- Task to carry out: Only the lines below from the one that contains "6. Березкина С." through the one that contains "She faces the" should appear in your answer, exact and without pictures.

- Material for this task:
####################

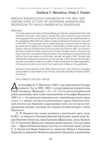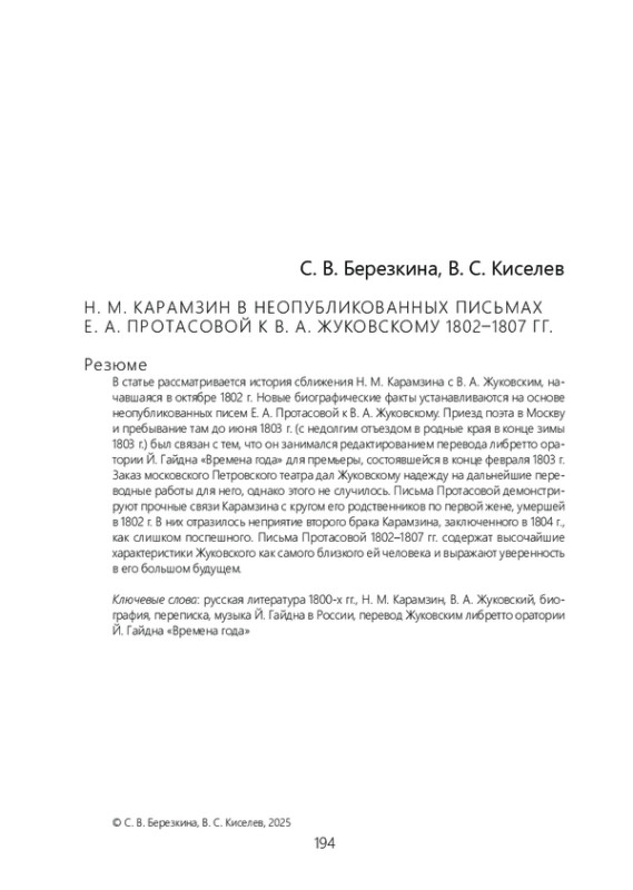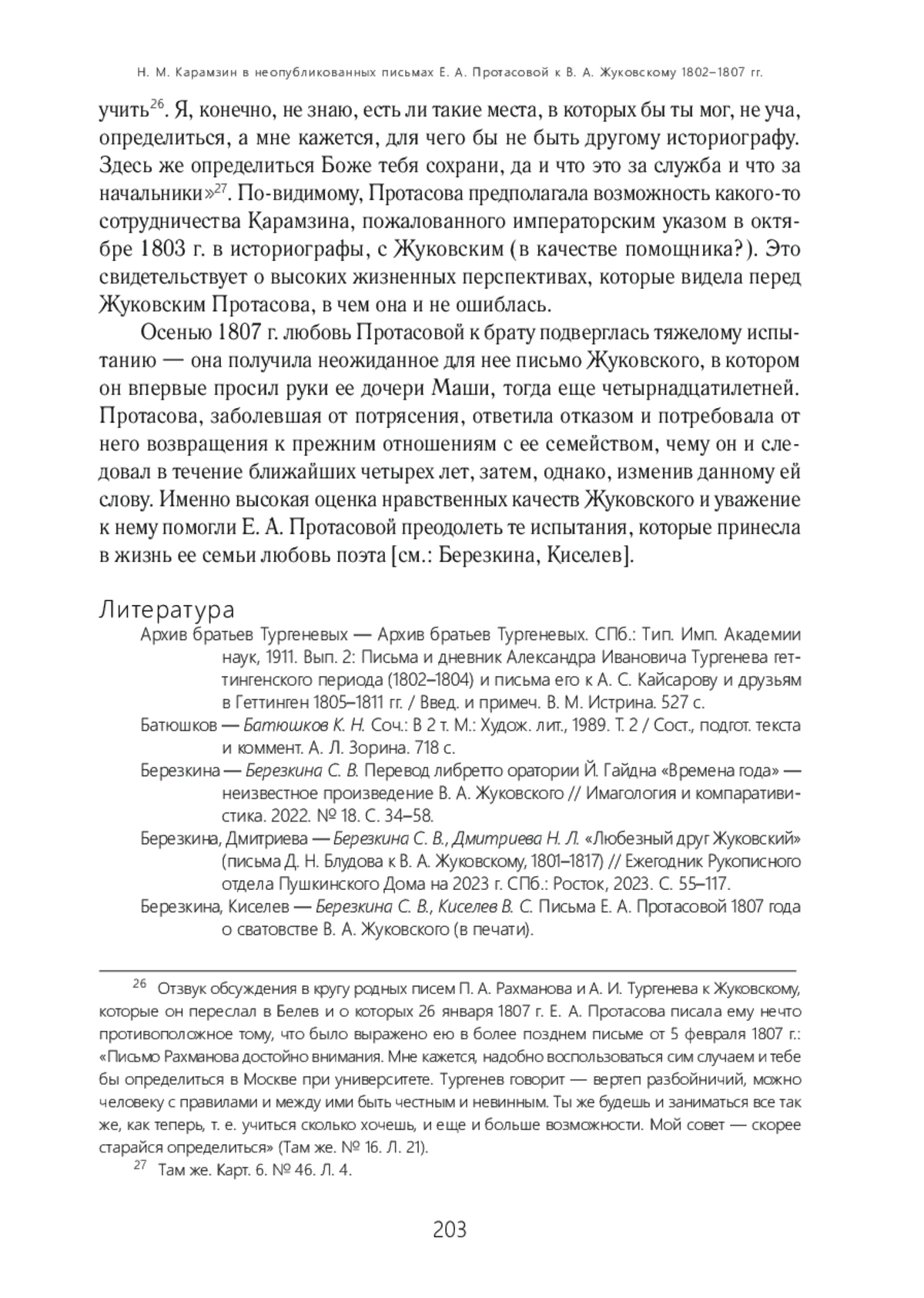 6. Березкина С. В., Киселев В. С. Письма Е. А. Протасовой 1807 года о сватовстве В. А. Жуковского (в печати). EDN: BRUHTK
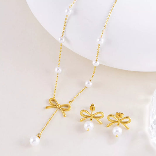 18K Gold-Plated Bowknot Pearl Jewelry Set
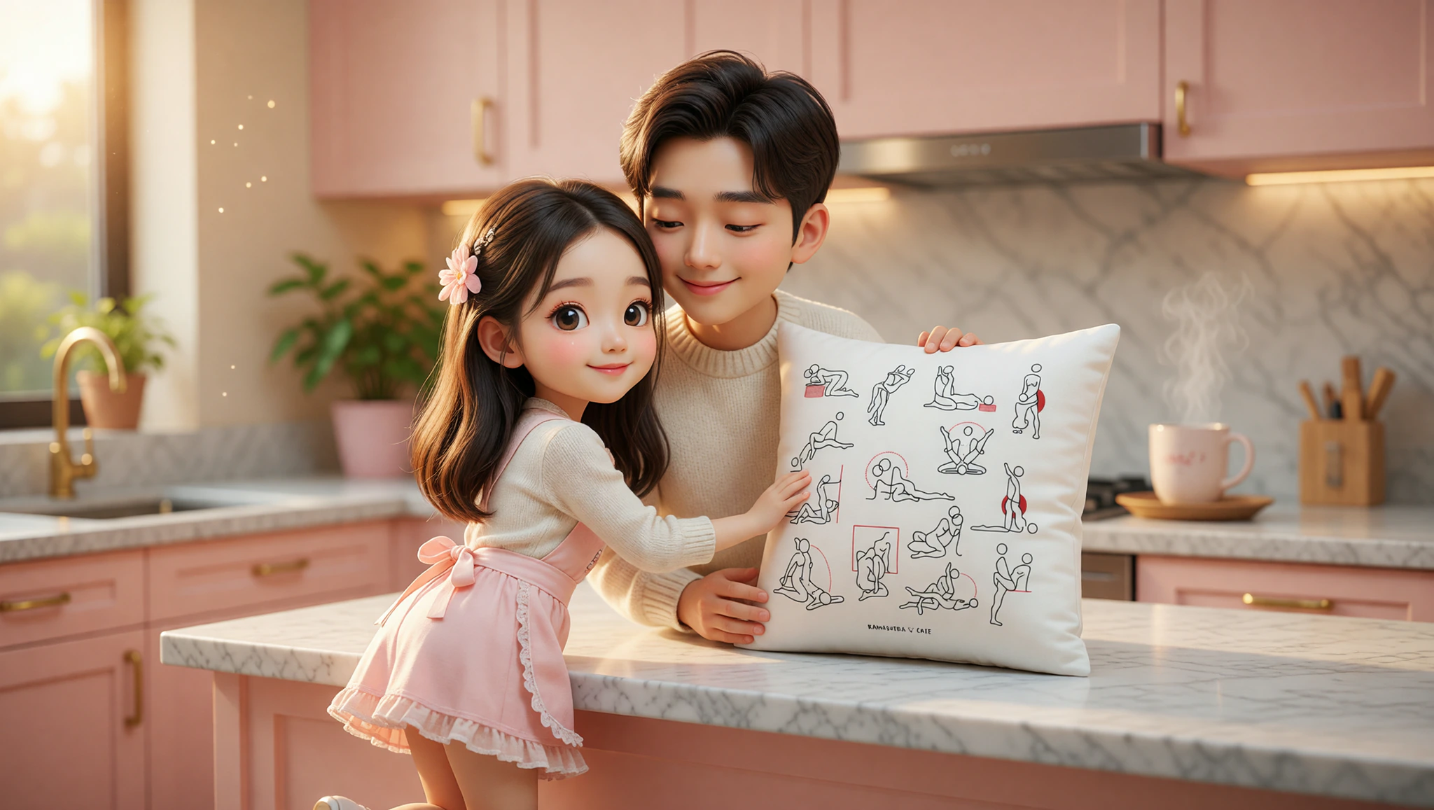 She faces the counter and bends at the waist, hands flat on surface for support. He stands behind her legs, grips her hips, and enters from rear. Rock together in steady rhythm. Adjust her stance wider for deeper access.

####################

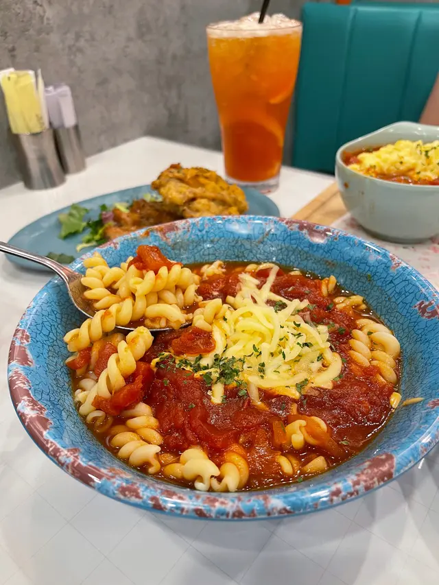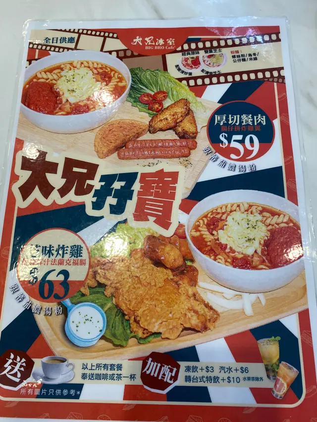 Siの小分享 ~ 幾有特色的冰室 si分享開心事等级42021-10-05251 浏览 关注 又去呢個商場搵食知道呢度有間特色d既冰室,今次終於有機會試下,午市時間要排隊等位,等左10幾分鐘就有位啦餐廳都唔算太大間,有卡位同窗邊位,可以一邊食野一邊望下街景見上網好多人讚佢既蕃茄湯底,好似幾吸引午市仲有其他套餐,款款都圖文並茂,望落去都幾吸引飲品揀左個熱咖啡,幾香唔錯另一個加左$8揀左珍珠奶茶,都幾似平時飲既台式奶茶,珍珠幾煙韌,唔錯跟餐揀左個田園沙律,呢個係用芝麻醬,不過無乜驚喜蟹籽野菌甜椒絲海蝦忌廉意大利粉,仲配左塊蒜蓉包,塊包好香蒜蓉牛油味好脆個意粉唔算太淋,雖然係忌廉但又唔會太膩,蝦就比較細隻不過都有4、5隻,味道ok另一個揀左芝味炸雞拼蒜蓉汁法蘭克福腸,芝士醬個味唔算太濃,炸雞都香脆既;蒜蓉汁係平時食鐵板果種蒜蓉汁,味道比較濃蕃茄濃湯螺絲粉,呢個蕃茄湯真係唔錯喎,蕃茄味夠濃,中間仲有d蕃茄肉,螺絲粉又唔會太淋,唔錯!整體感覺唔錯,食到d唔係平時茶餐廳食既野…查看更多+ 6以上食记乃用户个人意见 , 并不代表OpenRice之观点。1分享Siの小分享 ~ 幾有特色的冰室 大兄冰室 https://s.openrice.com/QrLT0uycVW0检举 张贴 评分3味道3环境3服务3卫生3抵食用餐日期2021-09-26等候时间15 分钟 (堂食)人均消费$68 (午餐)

####################

- Answer section:
 6. Березкина С. В., Киселев В. С. Письма Е. А. Протасовой 1807 года о сватовстве В. А. Жуковского (в печати). EDN: BRUHTK
 18K Gold-Plated Bowknot Pearl Jewelry Set
 She faces the counter and bends at the waist, hands flat on surface for support. He stands behind her legs, grips her hips, and enters from rear. Rock together in steady rhythm. Adjust her stance wider for deeper access.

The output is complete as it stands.